In this episode of The Buzz, we dig into those reports and what they mean here in Southern Arizona. We talk with some of the report's authors and climate experts at the University of Arizona.
Diana Liverman is Regents' Professor at the School of Geography and Development and former co-director of the University of Arizona’s Institute of the Environment. She helped write the most recent report from the Intergovernmental Panel on Climate Change. It showed that by 2030, the Earth’s temperature is projected to have increased almost 3 degrees from the start of the Industrial Revolution, a change that could lead to more catastrophic wildfires, droughts and hurricanes, among other impacts.
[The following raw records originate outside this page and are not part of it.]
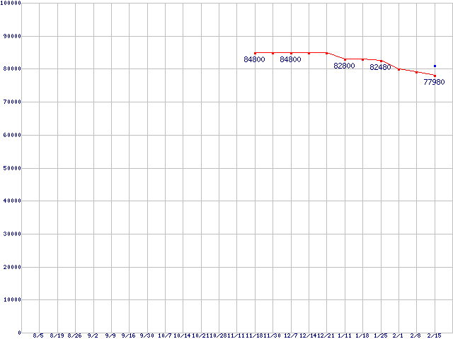 | CPU主要製品(最安値6万円以上)の最安値推移 |
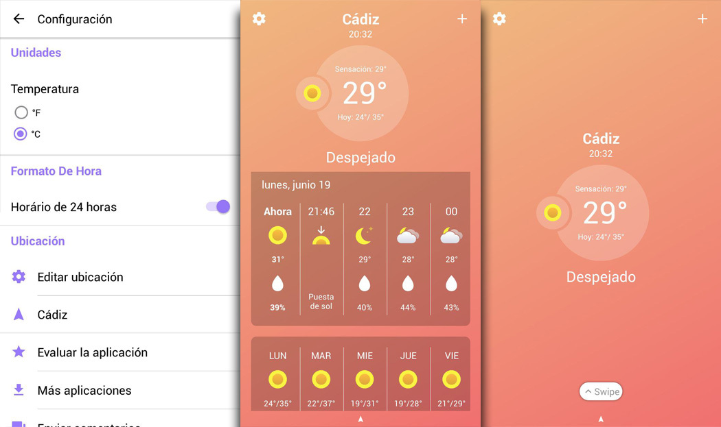 Como vemos nos ofrece datos bastante completos. Volviendo a lo visual, tenemos una interfaz que irá adaptándose a las condiciones atmosféricas. En condiciones de baja temperatura, tendremos un entorno oscuro, que irá aclarándose a medida que la temperatura vaya en aumento.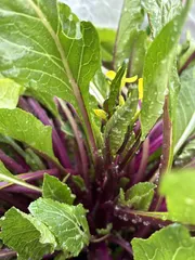 ■育てた野菜クキッコリー赤 ■エピソード(チャレンジしたきっかけなど)一昨年の秋に育てました冬の間の葉野菜にカットすればするほど生えてくる😆なので、我が家では冬には欠かせないお野菜に🎶昨年の秋に苗を見つけて育てることにようやく茎が伸びてきて茎菜がでてます花が蕾の頃カットします☺️茎菜を食べ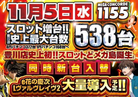 愛知県豊川市で営業するパチンコホール『MEGAコンコルド1155豊川インター店』は、2025年11月5日(水)にスロットコーナーを増台する。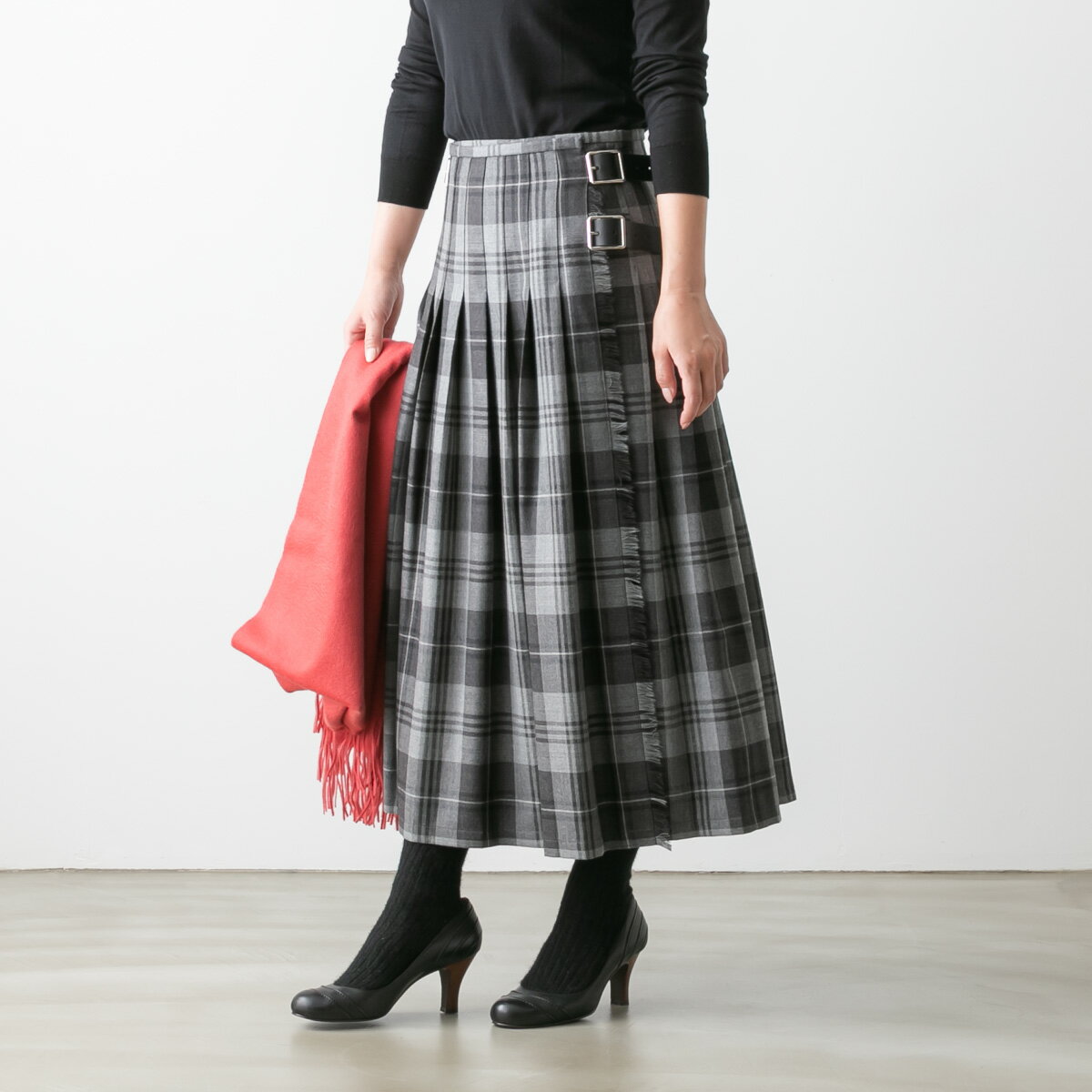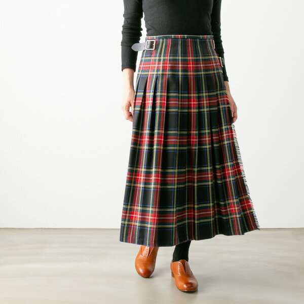 O'NEIL OF DUBLIN【オニールオブダブリン】Wide & Allover Pleats Kilt skirt With Wide Belt NOD0853 総プリーツ太ベルト付きキルトスカート レディース ロングスカート 巻きスカート ウール タータンチェック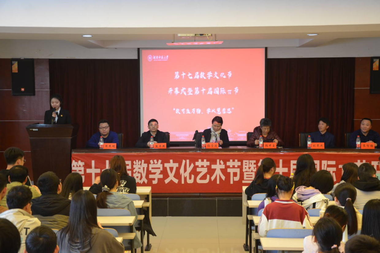 (通讯员 何粤 李静蕾 纪雨凡)3月14日下午,太阳集团tcy8722(以下简称“太阳集团tcy8722”)第十七届数学文化节暨第十届国际π节开幕式于格物楼309报告厅举行。此次活动以“数可生万物,学以慧哲思”为主题,太阳集团官网副董事长谢资清、公司党委书记颜中玉、公司党委副书记熊卓然、数学系主任刘竟成、副主任袁智强、统计系主任周杰明,各年级辅导员出席此次活动。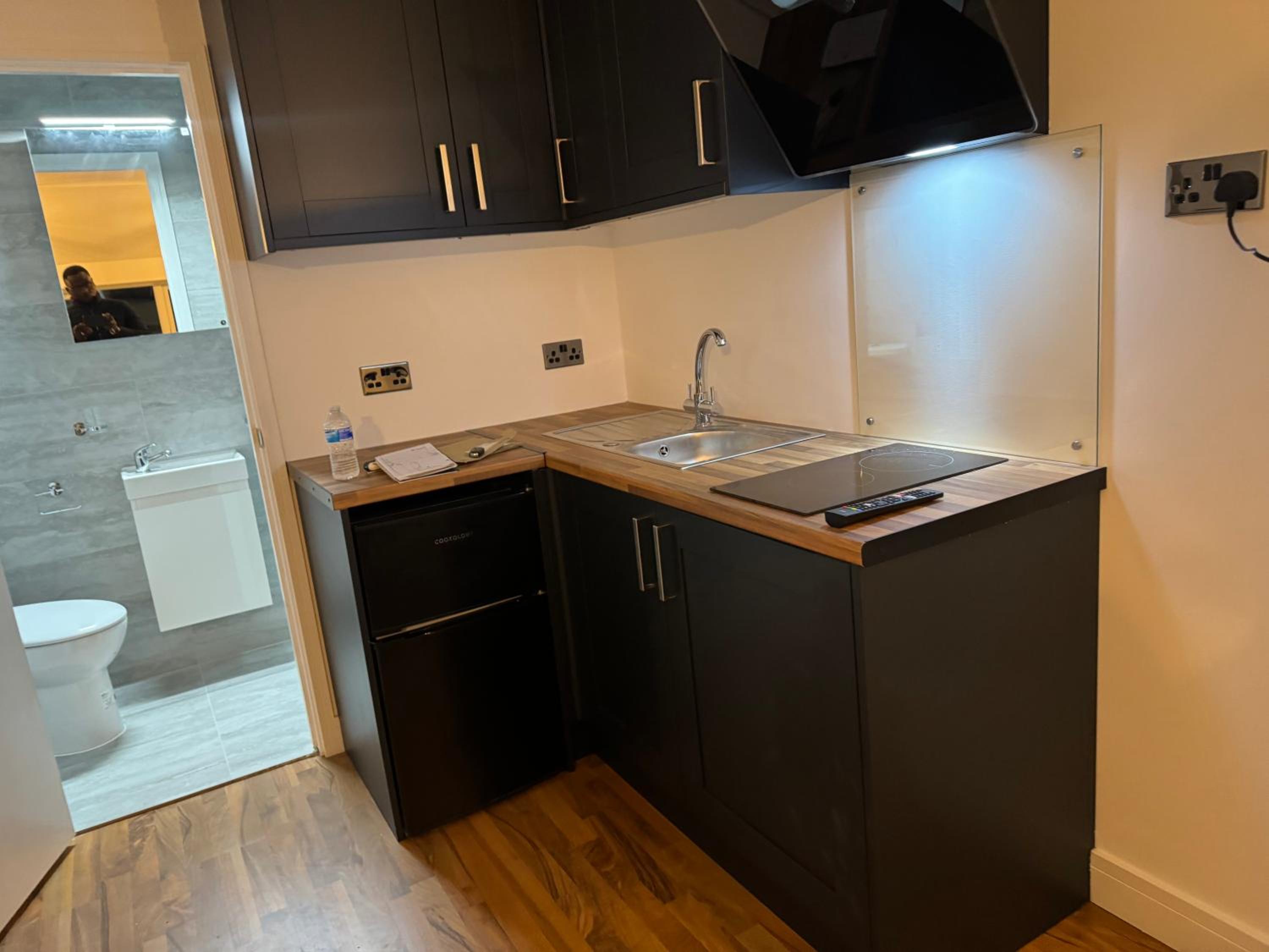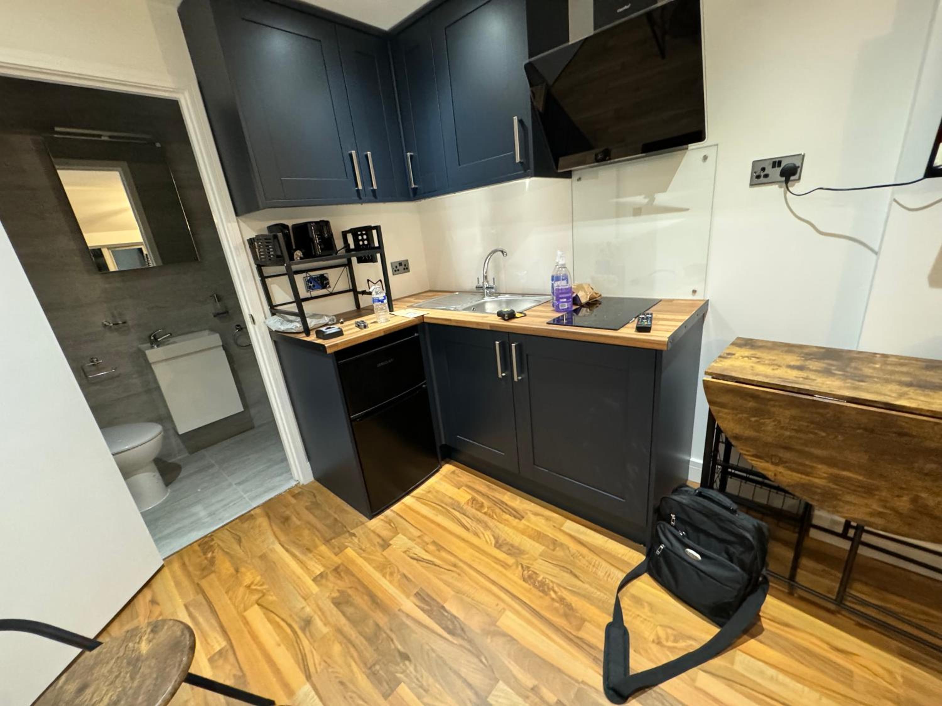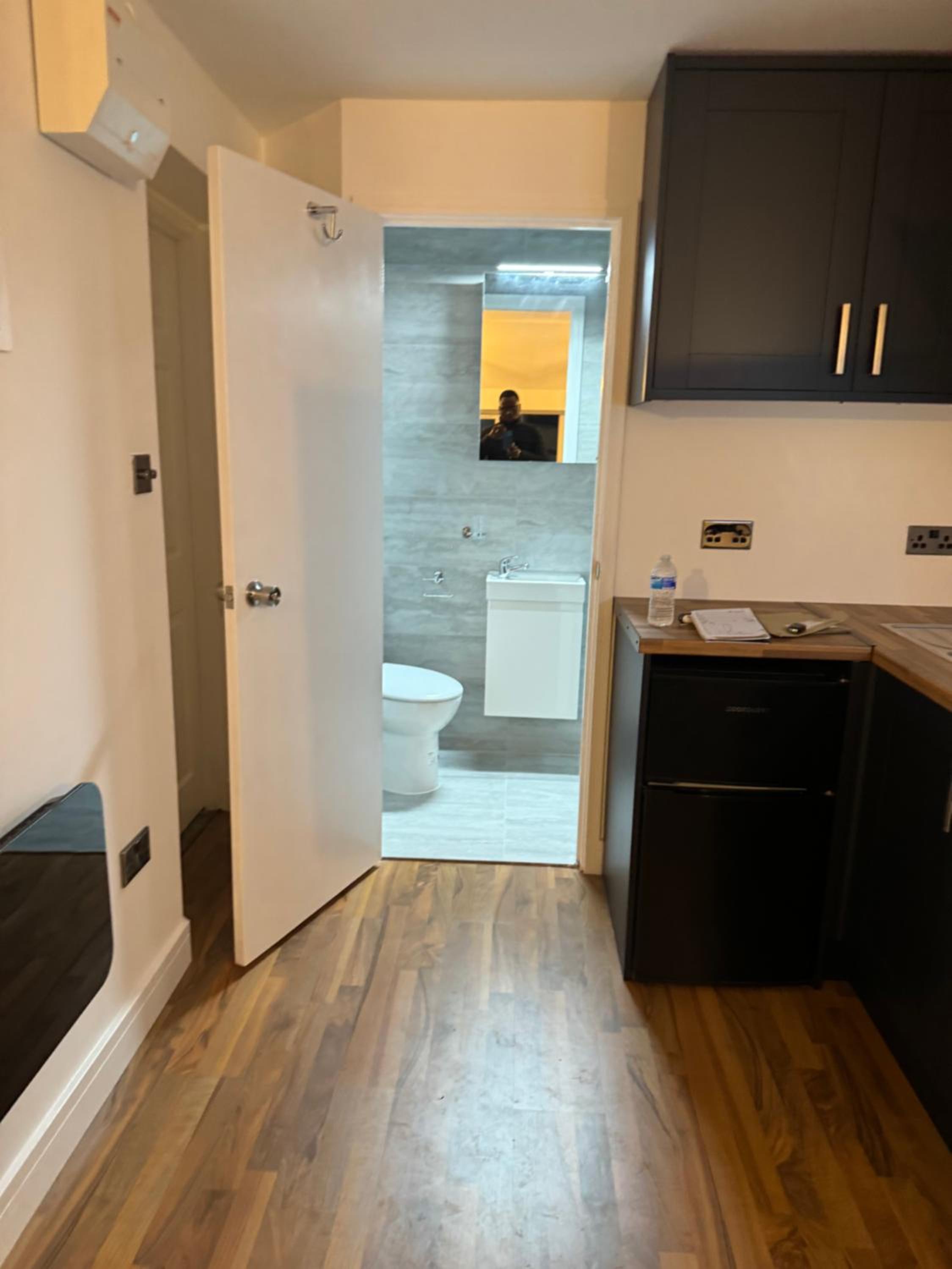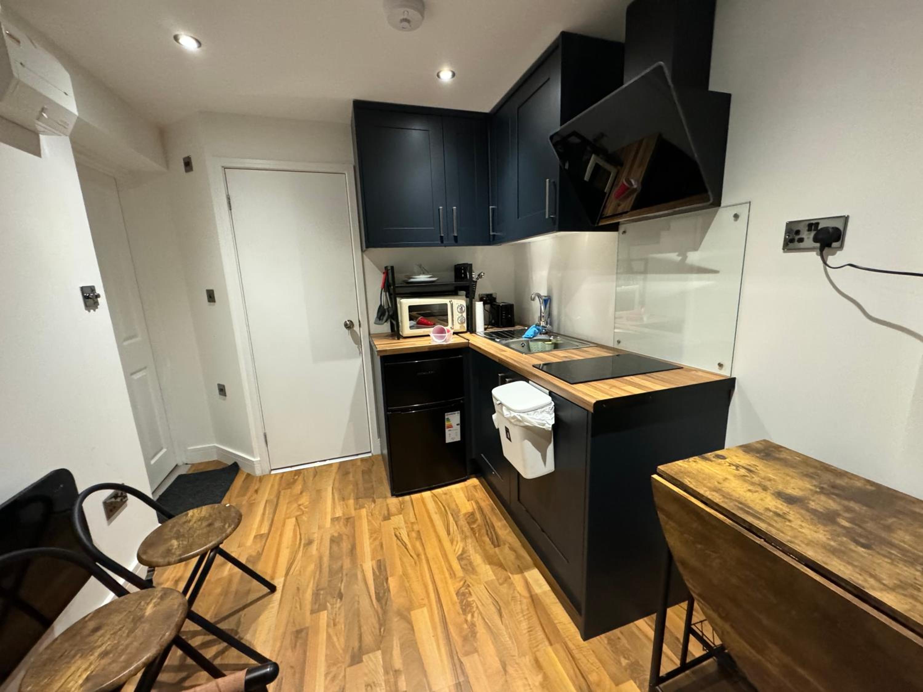 The so called “studio room is an old kitchen turned in to a double room with a toilet just by the door way.

The Fourth National Climate Assessment was released just a couple weeks ago. The report is required by law and serves as the country’s primary and final word on the state of knowledge of climate science. To get an explanation of the report, we talked with Kathy Jacobs, director of the Center for Climate Adaptation Science and Solutions at the University of Arizona, and a faculty member in Soil, Water and Environmental Science. Jacobs led previous versions of the National Climate Assessment and worked on climate adaptation in the Obama administration.
We also talked with Gregg Garfin, an associate professor and associate extension specialist in the University of Arizona School of Natural Resources and Environment. He’s also deputy director for science translation and outreach at the Institute of the Environment. Garfin was the Southwest region chapter leader on the most recent National Climate Assessment.